What different approaches can cffDNA be used to detect Fetal Aneuploidy?

  1. fetal specific markers
  2. Relative Chromosome Dosage (RCD)
  3. targeted MPS
  4.  MPSS of the WGS is by far the most popular


How is MPSS used to detected fetal aneuploidies?

  • MPSS - Reads aligned and counted per chromosome.
  • If fetal aneuploidy present then would expect an increase in the number of 'counts' for that chr.
  • First demonstrated by Chiu 2008 and Fan 2008.
  • Initially problems with T13 due to GC content but methods have been extensively refined and now very high levels of sensitivity and specificity (near 100%) for all common aneuploidy is possible.
  • Many large scale validation studies have replicated findings and proven the clinical utility of MPSS.
  • Some important limitations to be aware of, hence need for invasive confirmation of +ve results


What are the benefits of NIPD/NIPT

  1. Safer: Dramatically reduced number of invasive tests (1% miscarriage), plus no risk of infection or physical trauma to mother.
  2. Less expertise required to perform a blood test rather than an invasive test.
  3. Can be offered earlier than invasive testing and in many instances have shorter TaT. Gives parents time to make a decision about pregnancy, i.e. facilitates reproductive choice.
  4.  Likely to be substantially cheaper than current invasive diagnostic testing in the long run
  5. Improve the quality of antenatal care (e.g. better targeting of anti-D therapy)


What are the limitations of NIPD/NIPT?

  1. Not possible to tell which fetus affected in twin pregnancies.
  2. Increased maternal BMI reduces sensitivity of testing
  3. Invasive test still be required to confirm an abnormal result
  4. Source of cffDNA is placenta – CPM an issue in a small proportion of cases.
  5. False negatives can be the result of failure to extract or detect sufficient material (time to process sample is critical in NIPT), or due to the low fetal fraction
  6. False positives: many causes, technical e.g. contamination, or clinical e.g. vanishing twin, maternal constitutional abnormality, maternal neoplasm.
  7. As a result PPV of NIPT for common aneuploidies ~50%. Therefore NIPT should only ever be used as a 'high-performance' screen.
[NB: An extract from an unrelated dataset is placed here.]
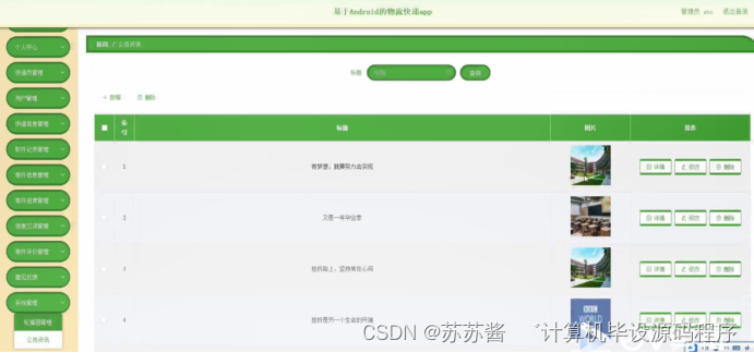 系统管理,在公告资讯页面可以对索引、标题、图片等内容进行详情,修改或删除等操作,还可对轮播图管理进行详细操作,如图5-16所示。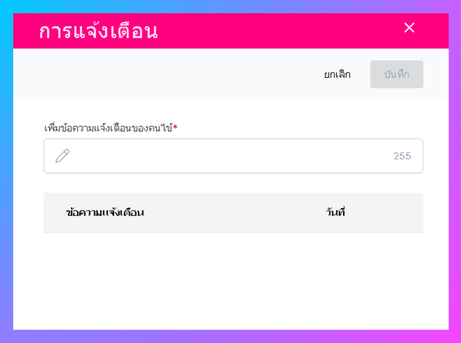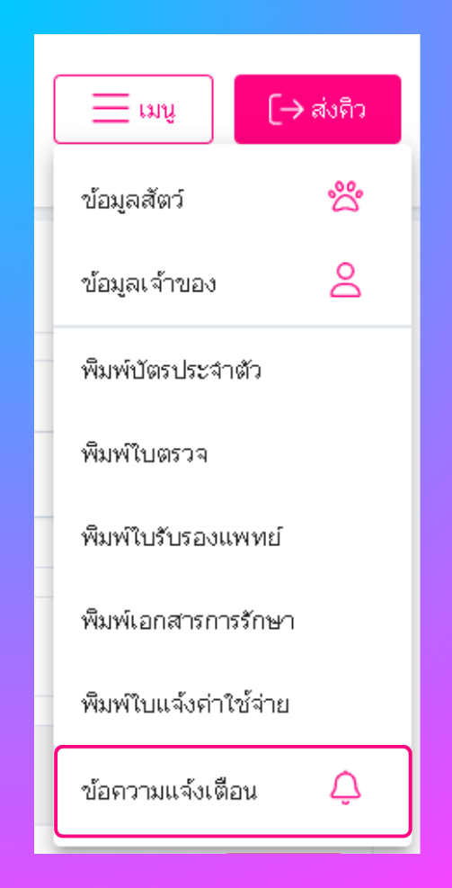 ผู้ใช้งานสามารถเพิ่มแจ้งเตือนได้โดยคลิกเมนู > ข้อความแจ้งเตือน

List some future possibilities/considerations for NIPD

  1. Enhancement of the MPSS method has now enabled the noninvasive detection of micro-deletions
  2. Many more applications for cffDNA are being published. For example noninvasive paternity testing has been demonstrated.
  3. Whole noninvasive-fetal genome sequencing has also been demonstrated both with and without the paternal DNA sample for analysis. Lo 2010.
  4. Interest in fetal cells has also resurfaced. Can provide a pure source of fetal DNA, and the single cells screening methods already in place for PGS/D.


List some Ethical, legal and social concerns of NIPT/D

  1. New developments do raise ethical, legal and social issues which need to be address
  2. There are concerns that as cffDNA screening techniques become mainstream patients may not receive suitable counselled before opting for what appears to be 'just another blood test'.
  3. Safeguarding patient autonomy
  4. Ensuring informed consent provided by DTC services
  5. Ensuring equity of access where there's a clinical need.
  6. Avoiding adoption in new clinical areas without sufficient consideration/validation


What projects have driven the evaluation and implementation of NIPT and NIPD in the UK?
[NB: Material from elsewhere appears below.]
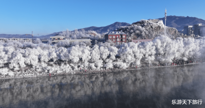 和高山型雾凇(如黄山、峨眉山)多依附高山植被,需要登高才能观赏不同的,位于吉林省吉林市龙潭区乌拉街满族镇的雾凇岛,因为极致震撼的雾凇奇景,被誉为中国四大自然奇观之一。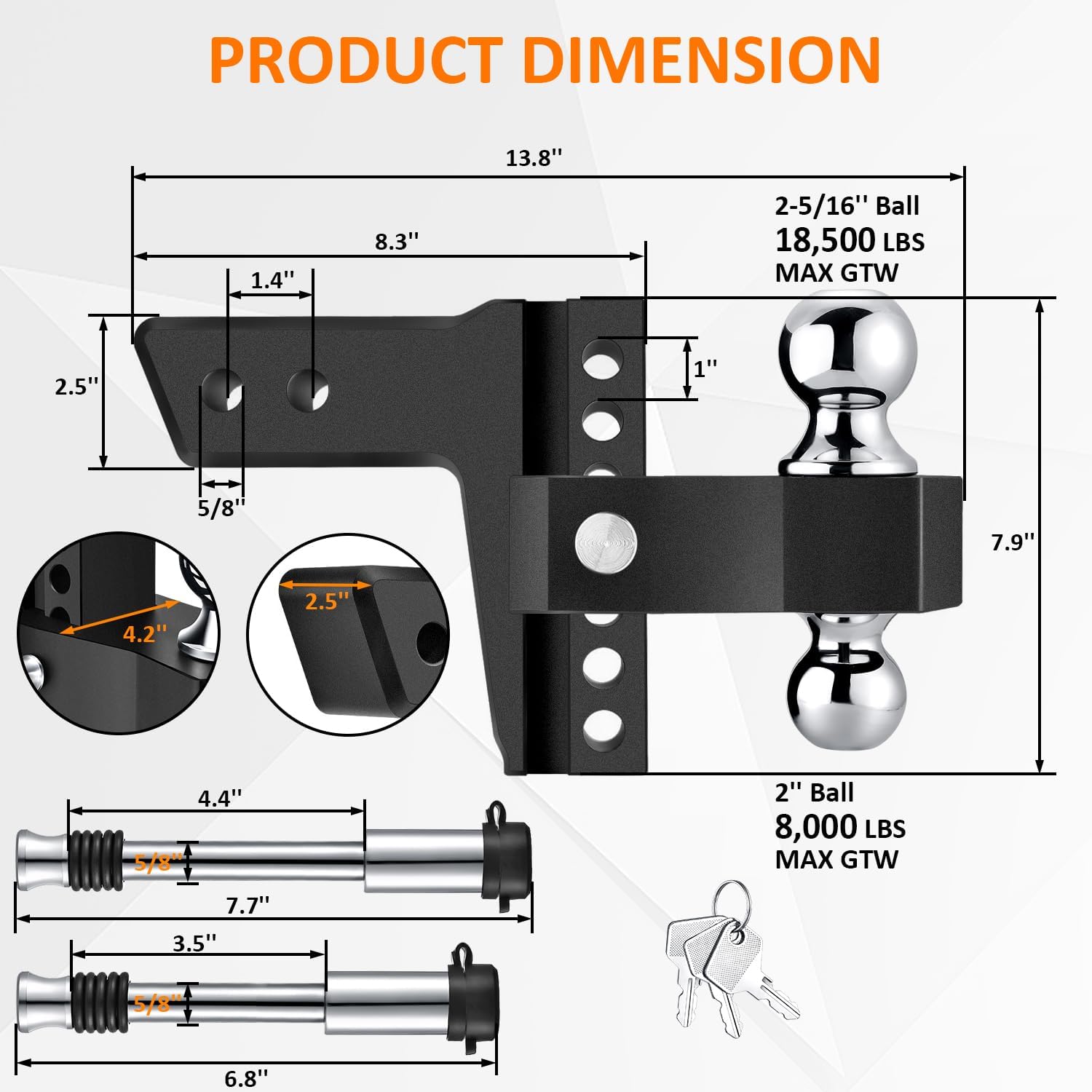 - 【DUAL BALLS, QUICK CHANGE OUT, STRONG PULLIONG FORCE】: Really convenient truck hitch with integrated balls. The 2”hitch ball is with towing capacity of 8000lbs and the 2-5/16” hitch ball are with 18500lbs towing capacity which allows for 6”drop down depth and 6”rise height so the hitch can be easily adjustable for optimal towing. With trailer hitch, you can turn the hitch over without having to change the the balls all the time.No worry about choosing a wrong drop any more.

RAPID project: Reliable Accurate Prenatal non Invasive Diagnosis

  • Improve the quality of NHS prenatal diagnostic service by evaluating non invasive options
  • Develop standards and recommendations for the use of NIPD/NIPT in the NHS
  • 5 year UK national programme funded by the NIHR.


NIPSIGEN: Translation of NIPD for selected Single Gene Disorders into clinical Practice

  • Wellcome Trust and DoH translational funding scheme
  • 2013-2016 in Birmingham


What is the UK strategy for implementation of NIPT/D into routine clinical care?
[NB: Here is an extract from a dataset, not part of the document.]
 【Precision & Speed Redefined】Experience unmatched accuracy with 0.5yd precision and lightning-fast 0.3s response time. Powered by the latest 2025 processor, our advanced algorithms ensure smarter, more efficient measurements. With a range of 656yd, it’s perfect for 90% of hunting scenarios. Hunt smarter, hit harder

January 2016: UK NSC recommended that NIPT be introduced as part of the NHS funded fetal anomaly screening programme

  • Initially only as an additional screening test for those at high risk of trisomy 21, 13 and 18 following existing primary screening. 
  • Women with a risk of >1/150 offered NIPT. 
  • NIPT+ confirmed by invasive test. 
  • This evaluation programme was offered at 8 centres.

November 2016: the DoH announced that NIPT would be made available as part of NHS maternity care.

  • A staged roll out will be carried out over 3 years, starting from 2018, to allow time for training of midwives, counsellors etc


What technological advances are expected to come with NIPR/D.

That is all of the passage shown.